9
$\begingroup$

I'm having some trouble proving the following statement: let $g:S^{2n-1} \to S^{2n-1}, f: S^{2n-1} \to S^n$. Then $H(f\circ g) = \deg g H(f)$ where $H(f)$ is the Hopf invariant. The definition I am using for Hopf invariant is as follows: let $C_f = D^{2n} \sqcup_f S^{n}$ where $D^{2n}$ is the $2n$ disk which we attach to $S^{n}$ via $f$. Let $\alpha, \beta$ be generators for $H^n(C_f)$ and $H^{2n}(C_f)$ respectively. Then $H(f)$ is defined by $\alpha \cup \alpha = H(f) \beta$. I can prove the statement using the integral formula for $H(f)$ but would like to prove it cohomologically.

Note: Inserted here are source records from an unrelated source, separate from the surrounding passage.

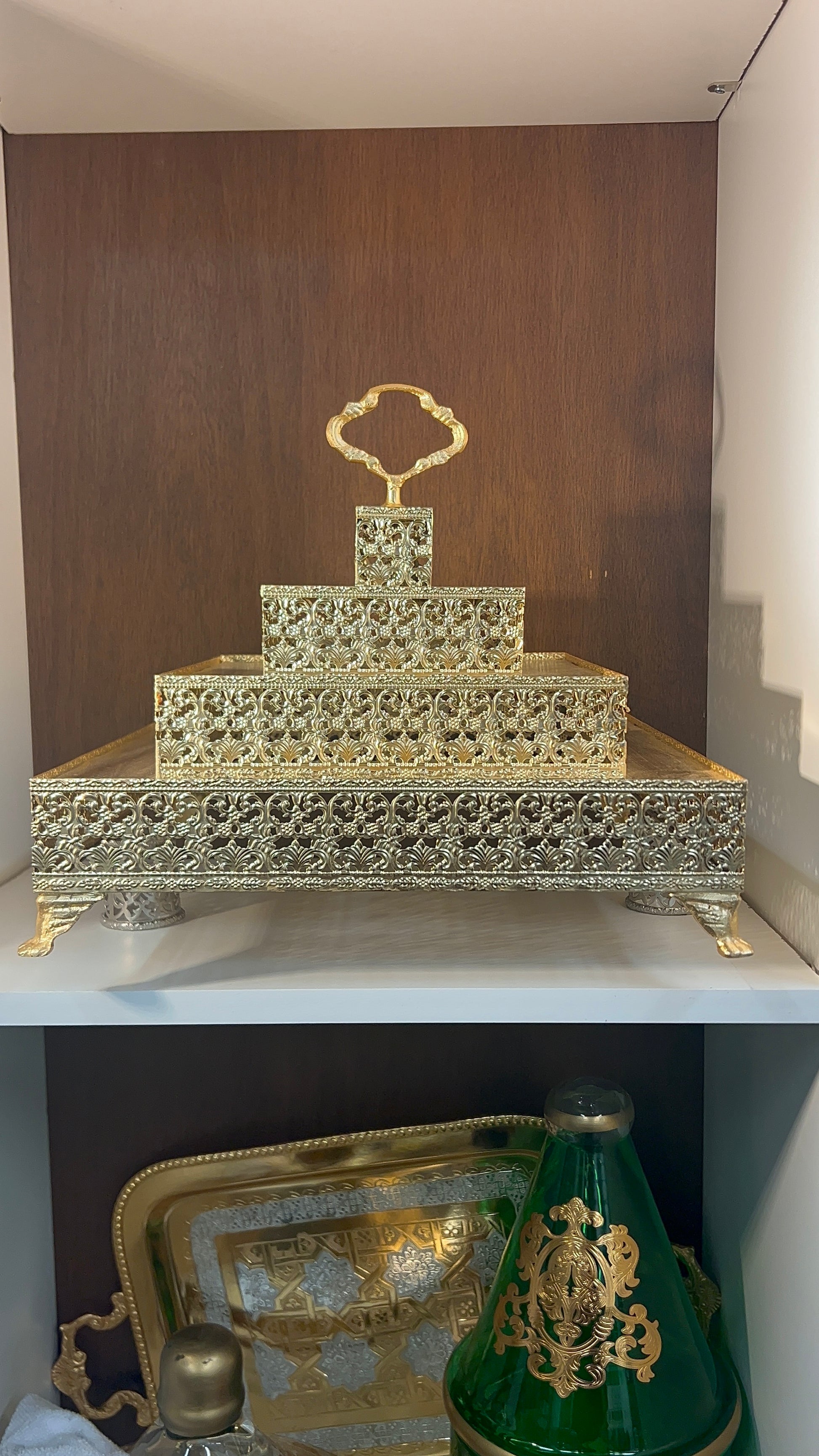 Présentoir à dattes élégant en cuivre à trois niveaux, orné de motifs artisanaux raffinés. Idéal pour présenter dattes et confiseries avec une touche traditionnelle et élégante.
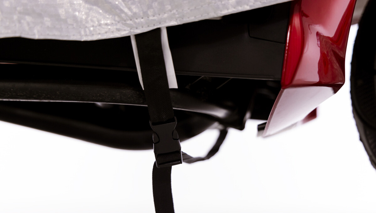 Ezzel a robogó védve van az esőtől, az UV sugárzástól, a portól, a fák és madarak szennyeződésétől vagy a karcolásoktól. Biztonságát a visszapillantó tükrökre és az ülés mögött felvarrt fényvisszaverő elemek növelik.
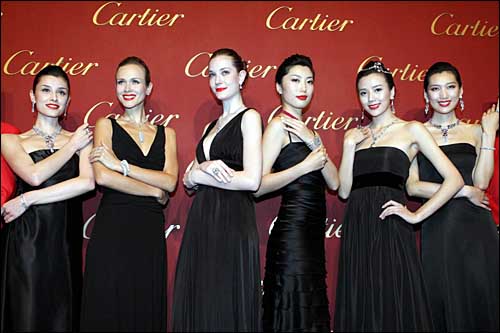 圖為模特在展示卡地亞最新珠寶首飾。日前,國(guó)際知名珠寶品牌卡地亞在香港將軍澳邵氏影城隆重登場(chǎng)。110余件珠寶彰顯了卡地亞“珠寶商的皇帝,皇帝的珠寶商”的品質(zhì)。
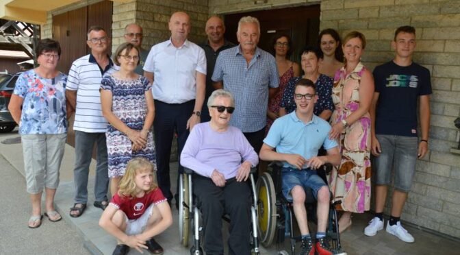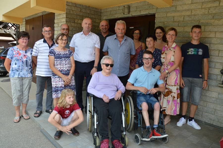 Slavljenka Ivica Mavsar (spredaj) v družbi župana Janeza Kerina, predsednika KS Gora Lojzeta Kerina in svojcev
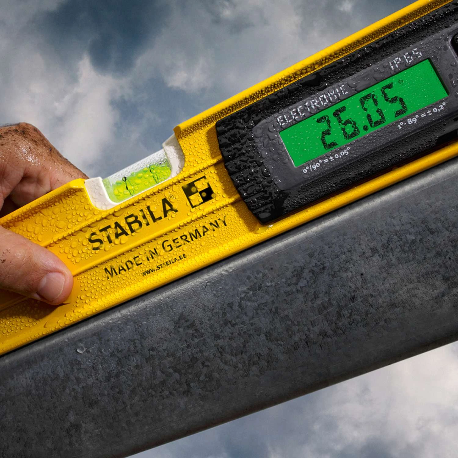 This rugged and practical high-quality level is the choice for any trade that needs to set angles precisely and quickly. If your work is going to be checked, invest in German engineering. The checkers are using Stabila. The electronic measuring technology and precision vials makes work faster and more efficient. The two illuminated digital displays can be read from both the side and the top. It is IP 65 certified therefore fully washable and dustproof. When Stabila designed this electronic level, they added everything you need and then some, making this a tool you can’t do without. Measuring accuracy of the vials in vial up or vial down position 0.029 degrees = 1/32 in over 72 inch/0.5mm/m Electronic accuracy: at 0 degrees and 90 degrees = 0.05 degrees, from 1 degree to 89 degrees = 0.2 degrees IP65 dust and water proof Recalibration of the electronic module is simple and fast with the Stabila vial system Degree, %, rise and run in both inch and metric, display decimal or fractional readings Find plumb and level with sound, hear/listen for spot on as you are making adjustments to the work with shims etc. Displays on the side and top light up and are easily viewed from any position Rib reinforced frame protects the precision vial system and electronic package Impact resistant removable end caps protect the frame
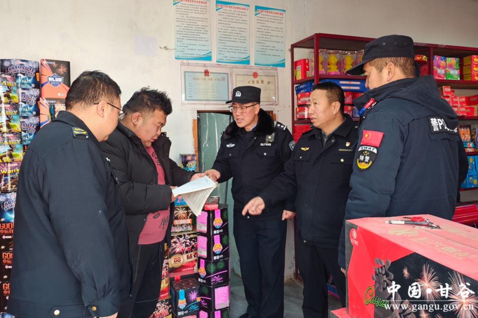 新天水讯 据甘谷县融媒体中心消息 为深入贯彻落实甘谷县2026年元旦春节期间烟花爆竹燃放管控工作部署,进一步规范烟花爆竹经营秩序,全面排查整治各类安全隐患,切实保障人民群众生命财产安全和社会公共安全,2月4日,甘谷县公安局联合县应急管理局、市场监督管理局等相关部门组成联合工作组,在全县范围内集中开展烟花爆竹安全整治专项行动,为群众平安过节保驾护航。
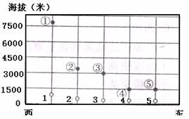 下图是30°N附近五座名山的海拔比较图,图中①②③④分别代表贡嘎山、二郎山、峨眉山、庐山和黄山,空心圆圈表示各山的山麓位置,读图回答13-16题。
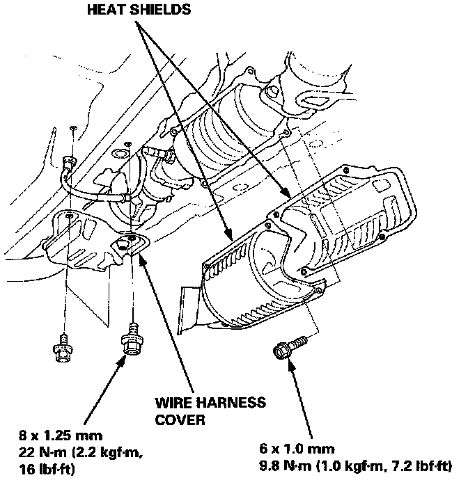 NOTE: Check that the clearance is more than 4 mm (0.2 inch) between the heat shields and rear side of the TWO as shown. If the clearance is less than 4 mm (0.2 inch), loosen the 6 x 1.0 mm bolts on the heat shields and tighten them adjusting the clearance.
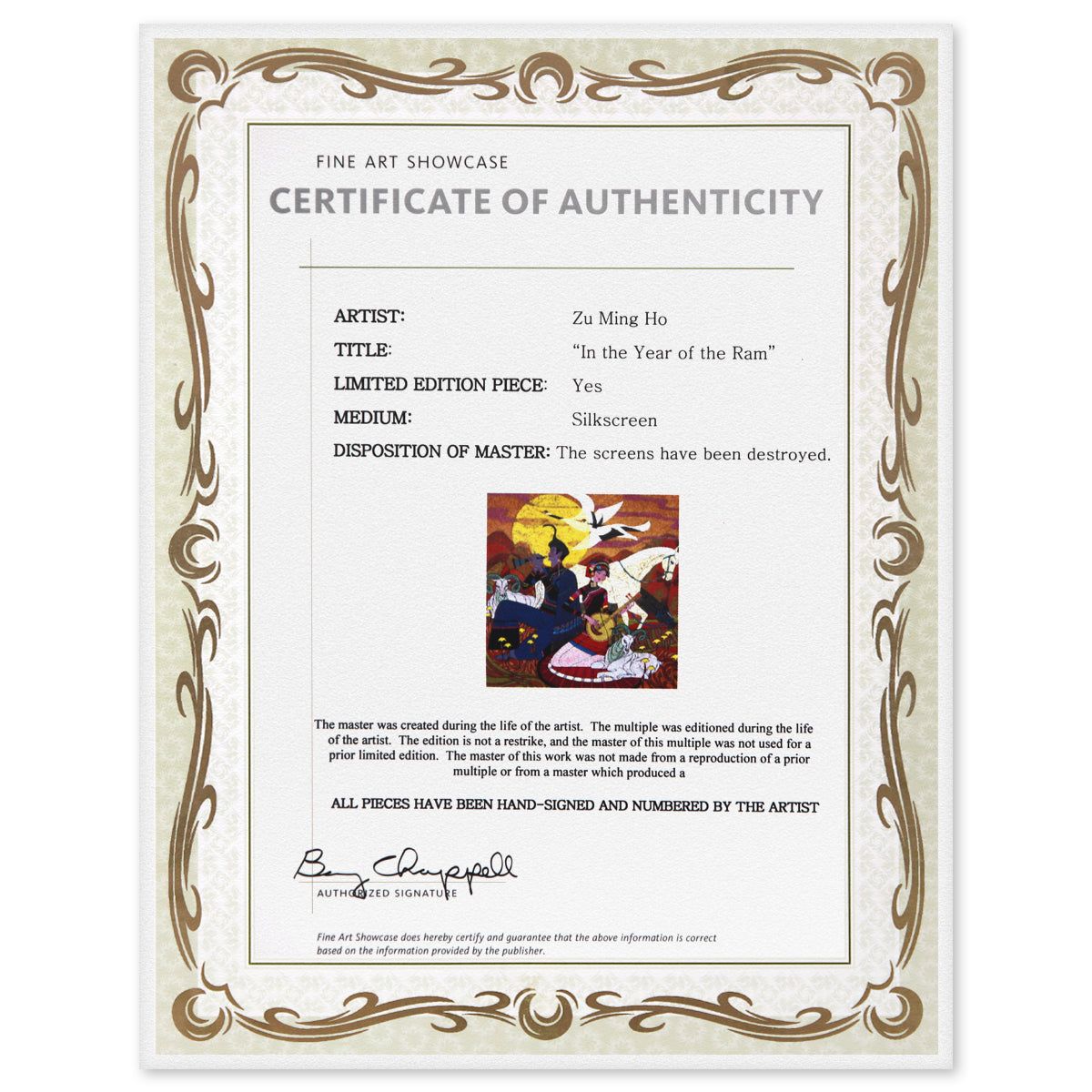 Artist: Zu Ming Ho. Medium: Silkscreen. Title: In the Year of the Ram. Size: 24" x 24". Signature: Hand signed and numbered. Reference#: 74848.
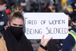 16 March 2021, Ireland, Dublin: A protester holds a sign during a protest organised in remembrance of murdered Sarah Everard and in protest of continued violence against women. Photo: Niall Carson/PA Wire/dpa - Niall Carson/PA Wire/dpa
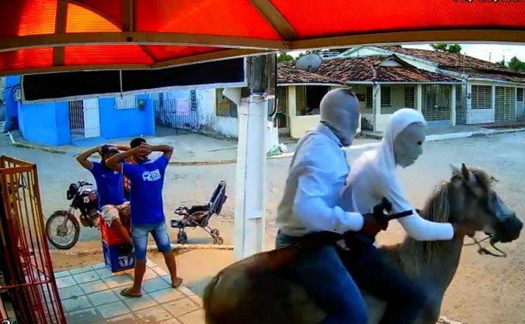 Uma câmera de segurança flagrou o momento em que os assaltantes chegaram montados no cavalo. Do lado de fora do mercado, dois funcionários conversavam quando foram surpreendidos pelos criminosos que estavam encapuzados. A dupla pulou do animal e obrigou os trabalhadores a colocarem as mãos na cabeça.
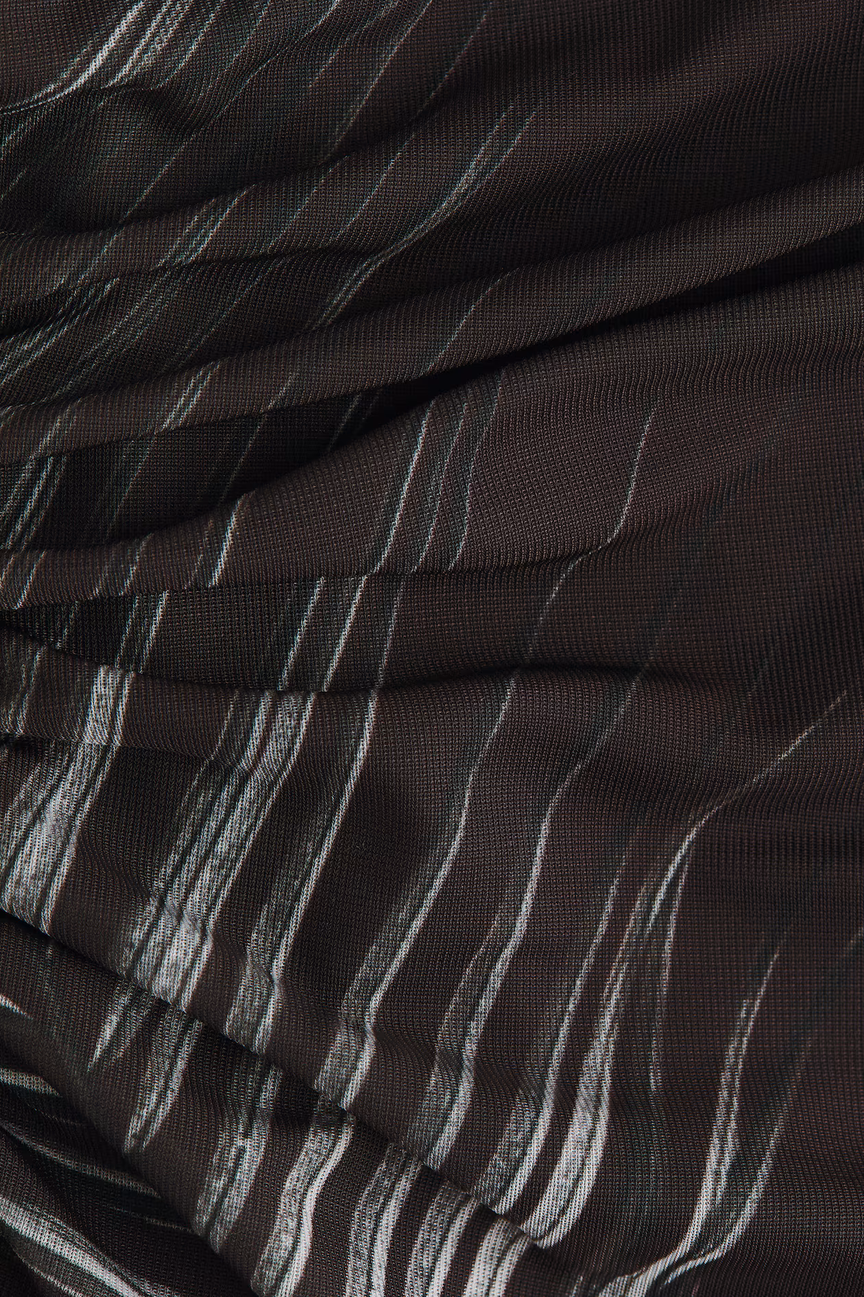 Slim-fit, sleeveless, calf-length dress in jersey with a mock turtleneck. Gathers on one shoulder and at opposite side of waist for a draped effect. Straight-cut hem with a slit at one side.

I think I should consider the map $G: C_{f\circ g} \to C_f$ that takes $x\in \partial D^{2n}$ to $g(x)$ and acts as the identity on everything else. But then I don't know how to compute what $G^* \alpha$ is.

Thanks!

  • 0
    In your definition of $C_f$, shouldn't the sphere be $n$ dimensional, not $2n$ dimensional?2010-12-19
  • 0
    Youre right, thanks Jason.2010-12-19

2 Answers 2

4

So, if for $x\in \partial D^{2n}$ you take $G(x)=g(x)$, then probably you want to do "the same" map over the whole cone. It follows from the definition of the union topology (or whatever it's called) that this extends to a continuous map. Then, look at the induced map on the pairs $(K,K-D^{2n})$ (for either complex $K$), and here the map is just (up to confusing maps on pairs with maps on their quotients) the suspension of $g$. Note that for both complexes, the inclusion $(K,\emptyset)\rightarrow (K,K-D^{2n})$ is a cohomology isomorphism in degree $2n$, and use the fact that suspension induces an isomorphism $\pi_n(S^n)\rightarrow \pi_{n+1}(S^{n+1})$.

Edit

A diagram might help:

    (Cfg,o)    --->     (Cf,o)
       |                  |
       |                  |
       V                  V
(Cfg,Cfg-D^2n) ---> (Cf, Cf-D^2n)

Here, the o's stand for $\emptyset$. The vertical maps are inclusions of pairs, and the horizontal lines are really all just $G$ (as I defined it). The top arrow induces $\alpha_{Cf} \mapsto \alpha_{Cfg}$, and the vertical maps are cohomology isomorphisms in degree $2n$. On the bottom row, since $H^*(X,A)=\tilde{H}^*(X/A)$, this is basically a map $S^{2n}\rightarrow S^{2n}$, which by construction is exactly the suspension $Sg$ of $g$. Then, $\deg(Sg)=\deg(g)$; that is, $S:\pi_{2n-1}(S^{2n-1})\rightarrow \pi_{2n}(S^{2n})$ is an isomorphism. So this induces $\beta_{Cf}\mapsto \deg(g)\cdot \beta_{Cfg}$. By naturality,

$$ H(fg)\cdot \beta_{Cfg} = \alpha_{Cfg}^2=G^*(\alpha_{Cf}^2)=G^*(H(f)\cdot \beta_{Cf})=H(f)\cdot (\deg(g)\cdot \beta_{Cfg}).$$

  • 0
    (Sorry this might be a little off, I'm kind of rushed but I saw nobody had answered so I wanted to say something)2010-12-19
  • 0
    Thanks for the response. It may take me some time to digest it...from what you said does it follow that $G^*$ takes a generator $\beta$ of cohomology in degree $2n$ to $\deg g \beta$?2010-12-19
  • 0
    Yes, it's because you can talk about the degree of a map of spheres either as the induced map on $Z$-(co)homology or as an element of $\pi_n(S^n)=Z$. Let me know if anything else doesn't make sense, I'm realizing this was pretty terse.2010-12-20
1

Another method would be to notice that the $n$-th and $2n$-th cohomology groups of $C_f$ and $C_{fg}$ are isomorphic. You can show that the isomorphism between the cohomology groups is then given via multiplication by $deg \hspace{0.5mm} g$ via the cellular boundary formula.